A guerra civil espanhola traz a ameaça da fome, da peste e da guerra para junto dos nossas fronteiras e o conflito ideológico agrava-se mais ainda com aproveitamentos religiosos, classistas ou simplesmente de controlo do poder político, económico e financeiro. A segunda guerra volta a dar algum desafogo financeiro, mas a guerra fria desequilibra a questão colonial e inicia- se o período mais trágico da história portuguesa contemporânea: cultura militar, política bélica, arte rotulada, mortes com glória e sem honra, emigrantes com honra e sem glória, consciências dilaceradas pelo dilema do dever, do medo, da paixão e da solidão. O 25 de Abril e o sonho dos ingénuos, os cravos em jarras restauradas, o abuso por novas justificações, a cultura do antes proibido, o assalto às cadeiras e chefias, a solidão para a honra e a glória para os compadres, a dificuldade de estruturar novos critérios de validade humana, ...

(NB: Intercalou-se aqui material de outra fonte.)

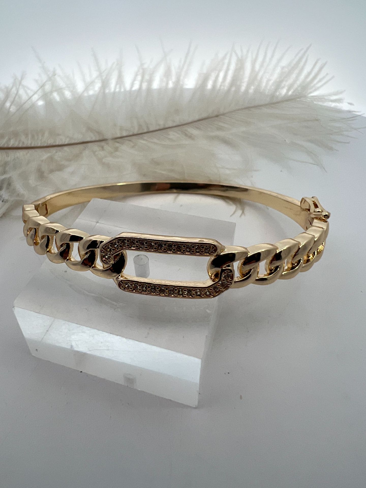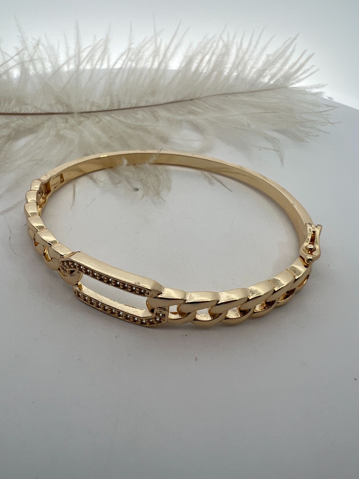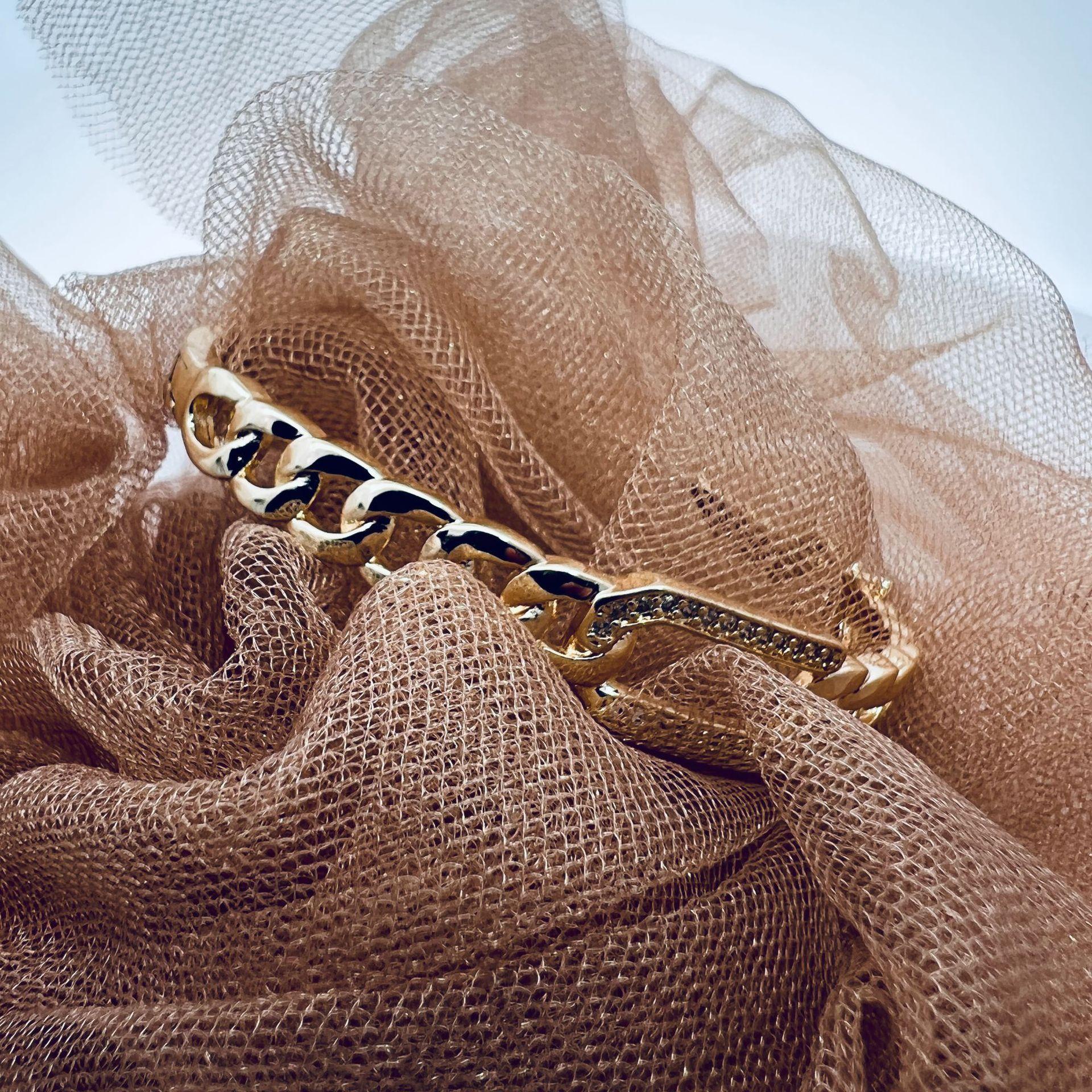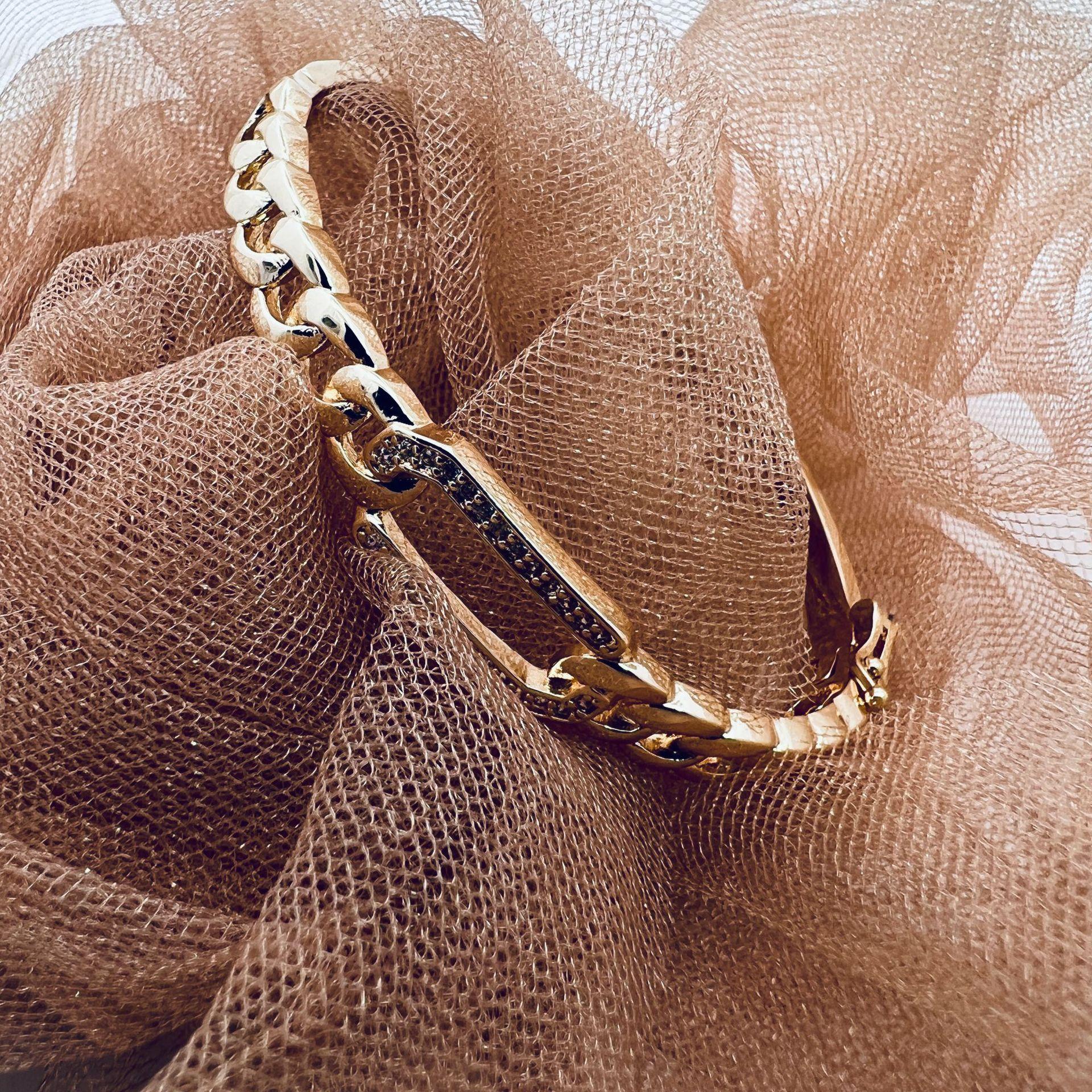 Pulsera Rectangular Hueca con Textura Twist Nicho Europeo y Americano con Diamante Pulsera para Mujer Chapada en Oro de 18K

Só mais uma nota sobre algo que não tem datas bem delimitadas nem perfis muito distintos, sobre os elogios e os vitupérios a que Torga se sujeitou. Dele houve quem dissesse mal porque o não entendeu, porque ele não correligionou ou porque fez sombra. Dele houve quem muito falou sem grandes fundamentos e, sobretudo, pegando pela rama das plantas que tanto custaram a enraizar e cujo tronco tem de ser visto alinhado por outras árvores do mesmo cultivador. Mas sobre ele brotaram sentimentos de gratidão humanista e de admiração estética que explicam tantas referências, colóquios, comemorações e até homenagens prestadas. E será no estudo profundo do que Torga viu, sentiu e desejou para Portugal e para o Homem que lhe prestaremos a maior homenagem, porque foi a um ideal de país e de homens que Torga dedicou o

esforço de aperfeiçoar a lava tosca e incandescente que lhe brotava do interior. E dentro desta observação não poderá deixar de se mencionar também não só a circunstância da quantidade da sua produção literária, mas também a intensidade do seu esforço para a retocar, reformular ou simplesmente reeditar. Sem contar com o acompanhamento que fazia das edições em língua castelhana, francesa, inglesa, alemã, romena, búlgara, japonesa, etc. e com pequenos textos de circunstância, Torga publicou, só em monografia, quarenta e cinco originais em primeira edição, sem contar com a edição compacta d'A

Criação do Mundo. O número de edições revistas e/ou aumentadas também é

grande: quarenta e seis, pelo menos260.

Para terminar, não poderia deixar de referir-se o seu duplo sentimento perante a vida: receoso do seu fim prematuro por razões de doença, acabou por agradecer a longevidade – lamentando só não poder acontecer que "caísse de pé, num desafio" e terminasse antes "ruína humana"261. E agradecia essa longevidade mas "não por ter chegado ( como havia porfiado – dirá ele no último poema escrito da sua vida), mas por ter acrescentado um palmo de ilusão ao meu tamanho" – diz no Pórtico do XVI volume do Diário.